### Data for analysis

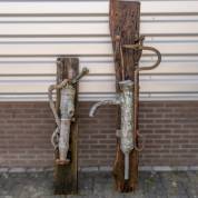Twee gietijzeren waterpompen aan wandplaten -oxidatie, beide defect-, hoogte grootste achterplaat 193 cm
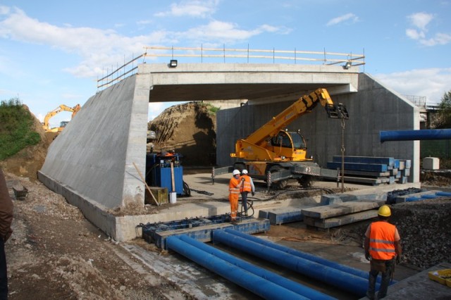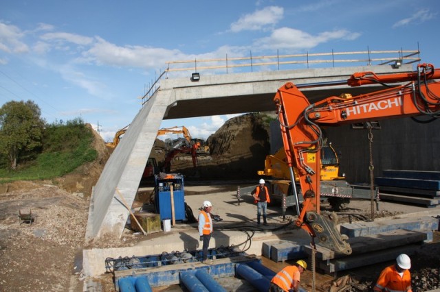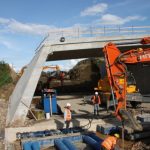 Sul lato di spinta è stata realizzata la platea di varo (sulla quale scorre il manufatto) e la struttura reggispinta, costituita da diaframmi in calcestruzzo, che contrastano l’azione dei sei martinetti idraulici impiegati che spingono la struttura.
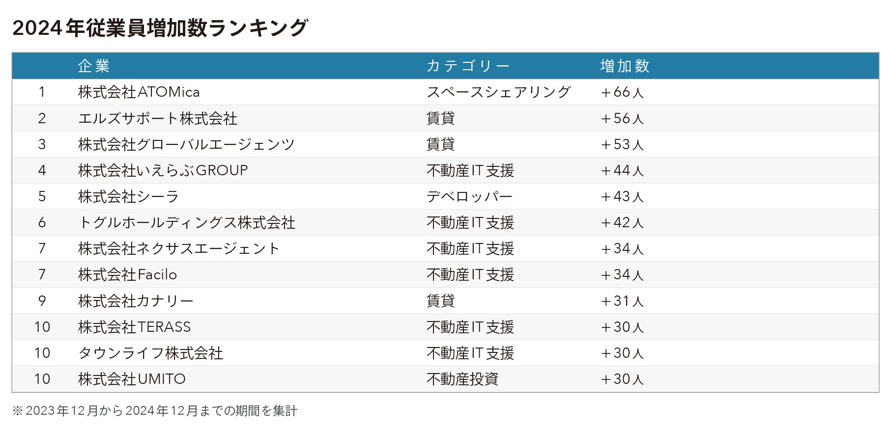 不動産分野スタートアップ 従業員増加数ランキング(2024年)
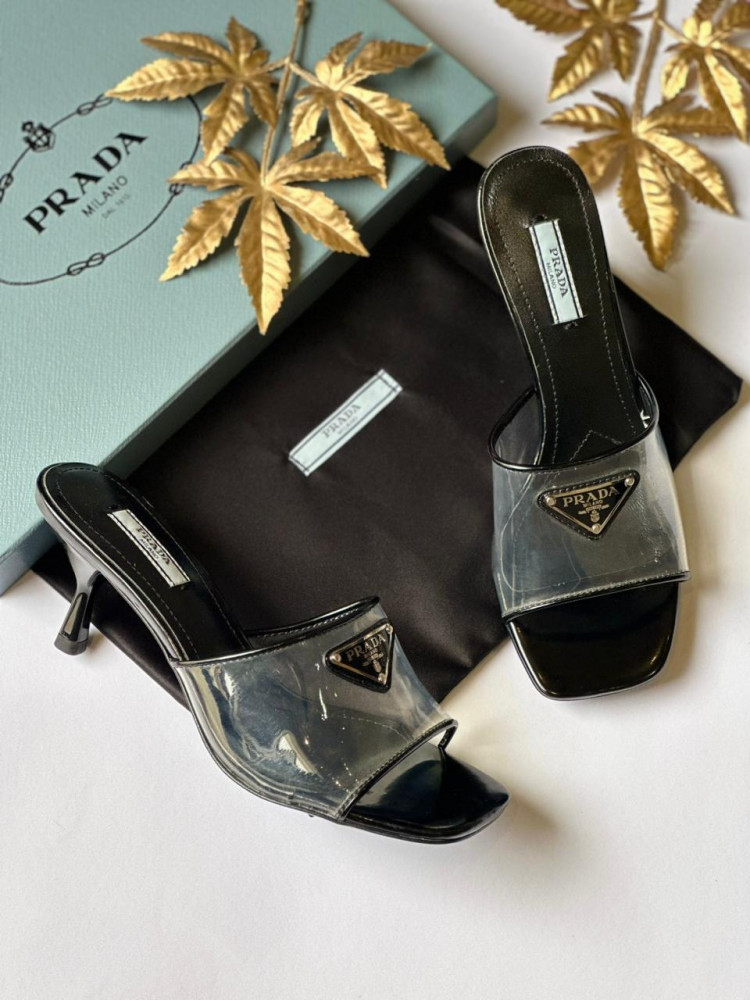حذاء برادا نسائي كعب رفيع أسود شفاف شعار ذهبي
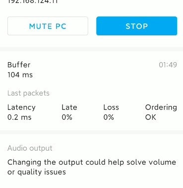 若WiFi传输音频的设置无误,在安卓设备上启动后,系统会马上搜索到服务端,点击显示出的设备就能接收并播放声音。像延时、丢包这类信息也会在此处呈现,你可以随时点击stop按钮来停止播放。
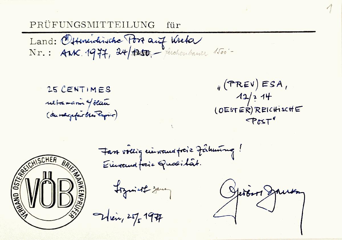 | Prüfer: | Zenker, Gisbert (VÖB (Verband Österreichischer Briefmarkenprüfer)) |

######

=== Goal of the exercise ===
Every line above should be returned exactly; the pictures stay out.

=== Task answer ===
Twee gietijzeren waterpompen aan wandplaten -oxidatie, beide defect-, hoogte grootste achterplaat 193 cm
 Sul lato di spinta è stata realizzata la platea di varo (sulla quale scorre il manufatto) e la struttura reggispinta, costituita da diaframmi in calcestruzzo, che contrastano l’azione dei sei martinetti idraulici impiegati che spingono la struttura.
 不動産分野スタートアップ 従業員増加数ランキング(2024年)
حذاء برادا نسائي كعب رفيع أسود شفاف شعار ذهبي
 若WiFi传输音频的设置无误,在安卓设备上启动后,系统会马上搜索到服务端,点击显示出的设备就能接收并播放声音。像延时、丢包这类信息也会在此处呈现,你可以随时点击stop按钮来停止播放。
 | Prüfer: | Zenker, Gisbert (VÖB (Verband Österreichischer Briefmarkenprüfer)) |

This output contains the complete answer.